The underlying Hamiltonian for this quantum walk (in quasi-momentum space) reads

$$\begin{aligned} H_{_{2D}}(\theta _1, \theta _2) = \sum _{k_x, k_y} E(k_x,k_y) \hat{\mathbf{n }}(k_x,k_y) \cdot {\varvec{\sigma }} \otimes |k_x, k_y\rangle \langle k_x, k_y|, \end{aligned}$$

(12)

where the expression of quasi-energy reads

$$\begin{aligned} \cos E(k_x, k_y) & = \cos \theta _1 \cos (\theta _2/2) \cos ^2(k_x + k_y) - \sin \theta _1\sin (\theta _2/2)\cos (k_x + k_y)\cos (k_x - k_y) \nonumber \\ & \quad -\cos (\theta _2/2) \sin ^2(k_x + k_y) , \end{aligned}$$

(13)

and the Bloch vector reads²²

$$\begin{aligned} \hat{\mathbf{n }}(k_x,k_y) = \dfrac{n_x(k_x,k_y) \hat{\mathbf{i }} + n_y(k_x,k_y) \hat{\mathbf{j }} + n_z(k_x,k_y) \hat{\mathbf{k }}}{\sin E(k_x, k_y)}, \end{aligned}$$

with

$$\begin{aligned} n_x(k_x,k_y) =&- \sin \theta _1\cos (\theta _2/2) \cos (k_x + k_y) \sin (k_x - k_y) - \cos ^2 \theta _1 \sin (\theta _2/2) \sin 2(k_x - k_y), \nonumber \\ n_y(k_x,k_y) =&\sin \theta _1 \cos (\theta _2/2) \cos (k_x + k_y) \cos (k_x - k_y) + \cos \theta _1 \cos ^2(k_x - k_y) \sin (\theta _2/2) - \sin ^2(k_x - k_y) \sin (\theta _2/2),\nonumber \\ n_z(k_x,k_y) =&-\cos ^2(\theta _1/2) \cos (\theta _2/2) \sin 2(k_x + k_y) + \sin \theta _1\sin (\theta _2/2)\sin (k_x + k_y)\cos (k_x - k_y) \nonumber . \end{aligned}$$

Figure 1

2D DTQW with nontrivial topology on a triangular lattice and its equivalent square lattice.

The purpose of writing the evolution for 2D DTQW as (11) is that now it can be decomposed as two 1D SSQW in two different directions, i.e.⁴⁶,

$$\begin{aligned} U_{_{2D}}(\theta _1, \theta _2) = U^y_{_{\text {SS}}}(\theta _1, 0) U^x_{_{\text {SS}}}(\theta _1, \theta _2), \end{aligned}$$

(14)

where \( U^i_{_{\text {SS}}} \) is the time-evolution operator of 1D SSQW (5).

Characterizing topological phases

The class of topological phases which can be realized in a system is characterized by the underlying symmetries of the Hamiltonian and the dimensionality of the system.
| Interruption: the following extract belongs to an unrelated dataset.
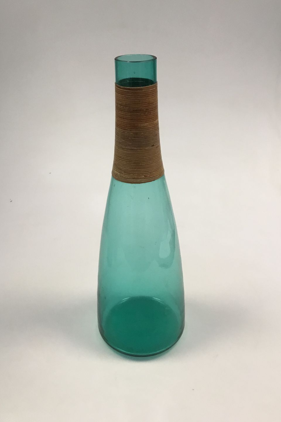 Kastrup Glasværk Opaline form Grøn Karaffel med bambusbevikling. Jacob E. Bang 1957. Måler 36 cm

They are further quantified by nonlocal topological invariants and possess non-Abelian geometric phases which are quantized^52,53,54. The topological and nonlocal nature of these phases make them robust against local perturbations. Tuning the parameters of the Hamiltonian may result in the system going from one topological phase to another as a result of topological phase transition, without breaking the underlying symmetry of the Hamiltonian. We will discuss the symmetries of the Hamiltonian later in detail.
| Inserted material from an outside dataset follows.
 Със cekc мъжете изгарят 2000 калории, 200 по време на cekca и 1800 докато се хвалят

Topological phases can be characterized and classified into various classes using different parameters. In 1D systems, the winding number is the topological invariant that characterizes the topological phase. For a given Hamiltonian \(H = \bigoplus _k H(k)\), the winding number \(W_m\) for the mth band is defined as

$$\begin{aligned} W_m = \dfrac{1}{\pi } \int _{\Gamma } {\mathcal {A}}_m(k) dk, \end{aligned}$$

(15)

where \({\mathcal {A}}_m\) is the Berry connection given as⁵⁵

$$\begin{aligned} {\mathcal {A}}_m(k) = -i\, \langle {\psi _m(k)}|\dfrac{\partial }{\partial k}| {\psi _m(k)} \rangle . \end{aligned}$$

Here, \(|\psi _m(k)\rangle \) is the mth eigenstates of H(k) for the parameter value k. By definition, the Winding number W is the Berry phase divided by \(\pi \). In the case of discrete system, it would be convenient to calculate the Berry phase using Pancharatnam’s connection⁵⁶. For a given set of pure states \(\{|\psi _m(k_n)\rangle \}\) for mth band, where \(k_n\) is momentum (quasi) which takes discrete values, it reads

$$ \gamma _{m} = - \arg \left\langle {\psi _{m} (k_{1} )\left| {\psi _{m} (k_{2} )} \right.} \right\rangle \left\langle {\psi _{m} (k_{2} )\left| {\psi _{m} (k_{3} )} \right.} \right\rangle \left\langle {\psi _{m} (k_{3} )\left| {\psi _{m} (k_{4} )} \right.} \right\rangle \ldots {\text{ }}\left\langle {\psi _{m} (k_{N} )\left| {\psi _{m} (k_{1} )} \right.} \right\rangle . $$

(16)

Geometrically, the winding number \(W_m\) represents the number of times the Bloch vector \(\mathbf{n} \) corresponding to the state \(|\psi _m(k)\rangle \) goes around the origin in the counter-clockwise direction as k runs over the first Brillouin Zone. Note that winding numbers are sufficient to characterize the topological order in translation-invariant systems⁵⁷. However, in more complex systems such as, systems with disorder in the coin angles or systems in which two bulks are connected through some crossover region, additional invariants may be required for such characterization^58,59. They can be calculated easily using Schur approach⁶⁰.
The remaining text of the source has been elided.